I suppose if your dh has given up on the idea of a mum and an inheritance then let the crazy old Hettie get on with it.

It will be you guys she comes running to if he clears her out of house and home and moves his family in there though.

When she does just tell her you've got Asian Bird Flu and can't help.

ILoveItWhenYouCallMeBoo · 28/12/2010 17:22

sorry but i think she is the one being taken for a mug not you and i think you should all be warning her of what danger she may be placing herself in by letting an almost stranger move in.

i see no concern in your post at all.

DrNortherner · 28/12/2010 17:25

Oh we have warned her till we are blue in the face. She takes no advice from anyone.

Apparently I am a silly little girl Hmm who has no idea what it feels like to be 64 and lonely. She sees this as her last shot at happiness.

OP posts:
HappyHECmanay · 28/12/2010 17:30

well then, let her get on with it.

Hopefully you are all wrong and this man loves her and they'll be happy together.

Or, when he's bled her dry and run off with a young lass, you can buy her this

ILoveItWhenYouCallMeBoo · 28/12/2010 17:32

oh fair enough then. she is an adult and will make her own mistakes. I hope it isn't a scam for her sake. she must be lonely though if that is what she is saying. Sad

DrNortherner · 28/12/2010 17:37

Lonely?! She has 2 sons, 2 daughter in laws and 3 grand children who live in the same town as her. She does not have to be lonely. But she doesn't want us, she doesn't want family lunches, days at the park or watching nativity plays. She wants glamour, wining and dining, she wants to feel special. She thinks she is CRystal Carringon.

OP posts:
ILoveItWhenYouCallMeBoo · 28/12/2010 17:44

well you know what, there's nothing wrong with wanting to feel special to just that one person. all good and well saying she has her children and grandchildren etc but it's not teh same as a lover or companion. some people jsut aren't complete without a partner.

bran · 28/12/2010 17:45

I think your DH is right, she's an adult and is responsible for her own decisions. You can't make her be the MIL/grandmother that you would like her to be, so why waste time and emotional effort getting upset when she lets you down.

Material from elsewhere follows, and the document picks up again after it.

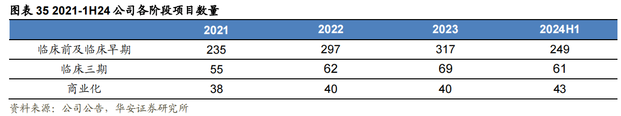 1H24小分子商业化阶段项目实现收入13.96亿元,剔除去年同期大订单影响,收入同比增长8.8%。在手商业化项目43个,其中新增商业化项目9个。随着公司降本增效以及后期项目的推进增多,小分子业务已基本消化因大订单增加的各项资源。

I'm aware that I'm quite hypocritical but, while I find Take a Break type magazines boring and irritating, I am curiously fascinated by the slow car-crash of your MIL's love life. So do keep us up to date please. Wink

Binfullofgibletsonthe45 · 28/12/2010 17:47

But on top of this her partner of 20 years is still alive!

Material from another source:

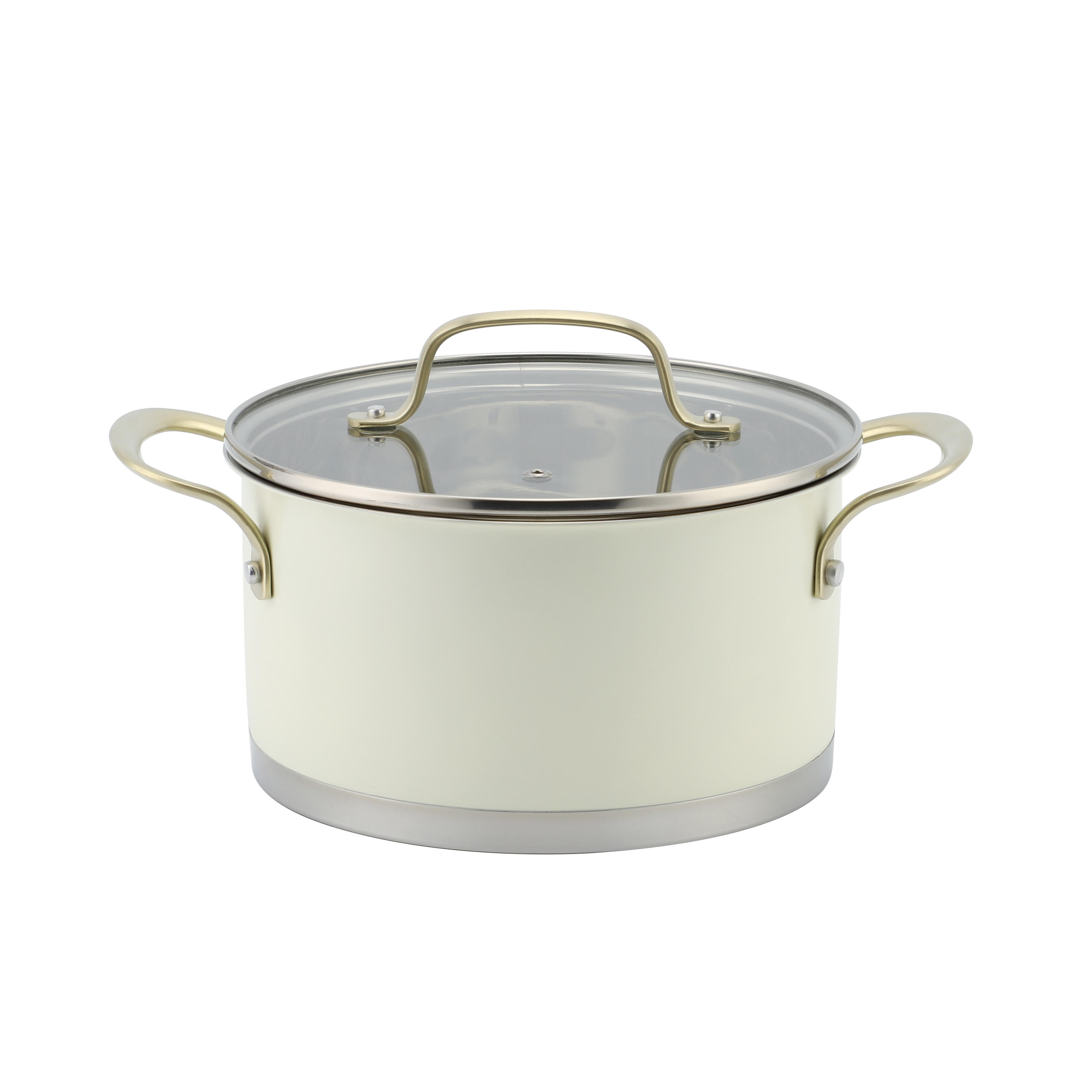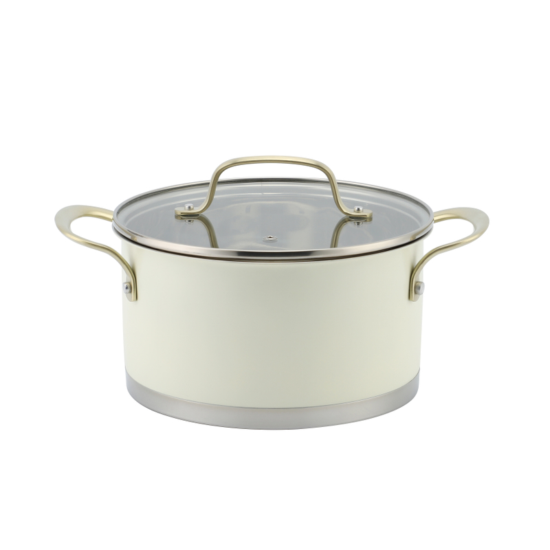 material | Body: SS201 , 0.45mm, Bottom:0.3mm alu.+2.0mm iron+0.3mm alu.,#430 for induction, Handle & Knob:SS201 handle Lid:4mm glass lid, Finish: satin finish inside and color paint outside |

It's all a bit "Nighty night!"

HappyHECmanay · 28/12/2010 17:48

yes, you want her to be knitting, she wants to spend her days being shagged off the end of the bed and slammed into the wardrobe! Wink

If it wasn't for the money, I'd say she's using him more than he's using her.

Still, when he's got all he can from her and legged it, you never know, she may feel it was worth it.

ILoveItWhenYouCallMeBoo · 28/12/2010 17:50

i know a couple in their 60's. the man is married with grown up children, his wife lives in a care home, she is fully aware of his relationship with the other woman, they have met, they have celebrated xmas together, infact the wife has knitted presents for the OW's new great-grandchildren when they were born. it is all very amicable. the wife understands that she cannot provide the companionship for her husband taht he wants and gets from his OW.

AvengingGerbil · 28/12/2010 17:54

This puts me in mind of a bit of Dorothy L Sayers (Have His Carcase), when M. Antoine the professional dancer talks about the elderly ladies who require his services:

"L'amour! These ladies come and dance and excite themselves and want love and think it is happiness. And they tell me about their sorrows ? me ? and they have no sorrows at all, only that they are silly and selfish and lazy. Their husbands are unfaithful and their lovers run away and what do they say? Do they say, I have two hands, two feet, all my faculties, I will make a life for myself? No. They say, Give me cocaine, give me the cocktail, give me the thrill, give me my gigolo, give me l'amo-o-ur!. Like a mouton bleating in a field. If they knew!"

(I know this is not necessarily helpful, but it's a slightly upmarket Corrie reference!)